Educational prohibitions were relaxed towards the end of the slave era in the United States. 

However, education became a systematic indoctrination and alienation from the slaves’ cultures and heritages

This is because English became the medium through which the world was perceived; resulting in psychological conflicts within individuals as they attempted to integrate their tradition with Western ideas.

The slaves attempted to disseminate information in their ethnic languages as part of their resistance efforts. 

But the slaves were forced to adopt their masters’ religion, Christianity.

On Sundays, which were the slaves’ resting days, they dressed in clothes given them by their masters or which had been obtained by bartering vegetables.

Religion influenced slaves to be docile by telling them to render to Caesar what belonged to Caesar. 

The slaves were taught that disobeying their masters was akin to quarrelling with God.

“Consider that it is not yourselves, it is not the people you belong to, but it is the will of God, who hath by his providence made you servants, because no doubt He knew that conditions would be best for you in this world, and help you better towards Heaven if you would but do your duty in it. 

So that any discontent at not being free, or rich, or great, is quarrelling with your heavenly Master and finding fault with God Himself,” writes Murray.

The Americans never thought of Negroes as human beings and gave themselves god-like supremacy over them.

The Church developed a child-like dependency in the slaves. 

According to Elkins, the slaves possessed totality of submission and accepted this infantilisation. 

Mainstream or colonial texts accused blacks of being negligent, unreliable, indolent, timid, child is, given to exaggeration, giggling when they are together like infants and loyal or looking up to their masters as father symbols.

The slaves practised self-mutilation and deliberate amputation, to resist working for the slave masters.
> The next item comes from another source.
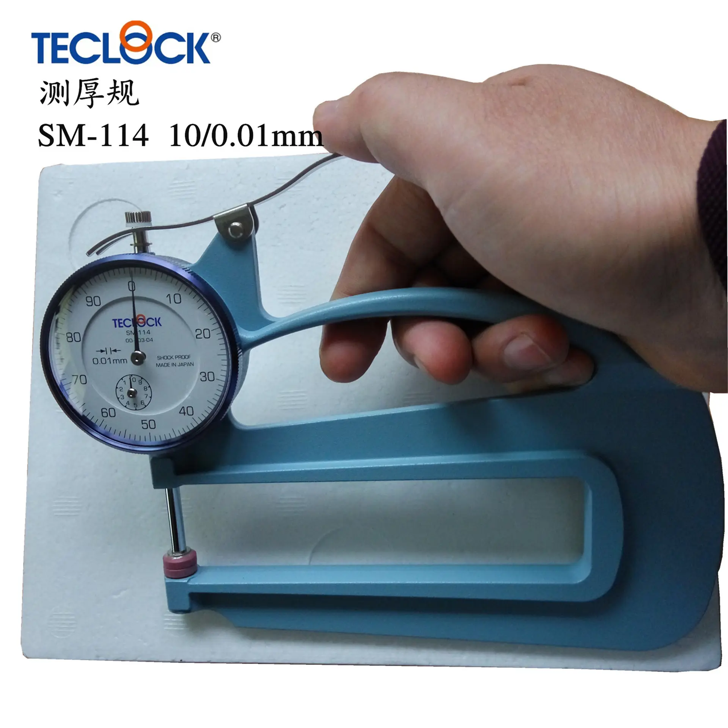 1. 用途: 测厚规主要用于测量纸张、皮革、橡胶、织物及各种*属板材、玻璃板等的厚度。2.sm-114测厚规结构原理: 测厚规是用于测量固定于表架上的指示表测头测量面相对于表架测砧测量面的直线位移量(厚度),并由指示表进行读数的测量器具3. 示值误差的检定:测厚规示值误差的检验是将3级量块置于测厚规的两测量面之间,指示表的指示值与量块尺寸之差即为示值误差。各点示值误差应符合表2规定。该项检验至少应在测量范围内均布的四个位置上进行。推荐检验测厚规示值误差的量块尺寸为2.2, 4.5, 7.7, 10mm。4.sm-114测厚规使用与保养:a、使用时应避免指示表的剧烈冲击,以免影响读数准确。b、使用前应将两测量面擦干净并调表到0位,即可直接测量读取被测工件的实际尺寸。c、测量完后应将两测量面擦净并涂防锈油,再把测厚规放入包装盒中。

Slaves thus lived like props on a theatre stage; possessing form but lacking feeling. 

They were to be moved about at the producer’s will.

It is strange that the Christian doctrines, in the US, which taught equality and brotherhood should have allowed slave owners to condone such cruelty, inequality and servitude.

Even the seemingly soft-hearted master with lamb-like disposition was capable of tiger-like fierceness.

Escape was made difficult by a reward system and pass laws which were enforced by armed parties of planters who patrolled the South with ‘nigger dogs.’

The Americans intended to derive maximum profit from slaves by denying the slaves their identity, their culture and their worldview.

According to Henry Louis Gates, the slaves were violated, segregated, robbed of their voice and identity as well as stereotyped and restricted 

The slave trade tale is a reality of dualism as represented in the epilogue of Invisible Man.

“Now I Know men are different and that all life is divided and that only in division is there true health

The historical experiences of slavery speak to the emancipated or modern black man’s challenges with racism and dehumanising systems that seek to relegate blackness to second class citizenship,” said Gates Jr.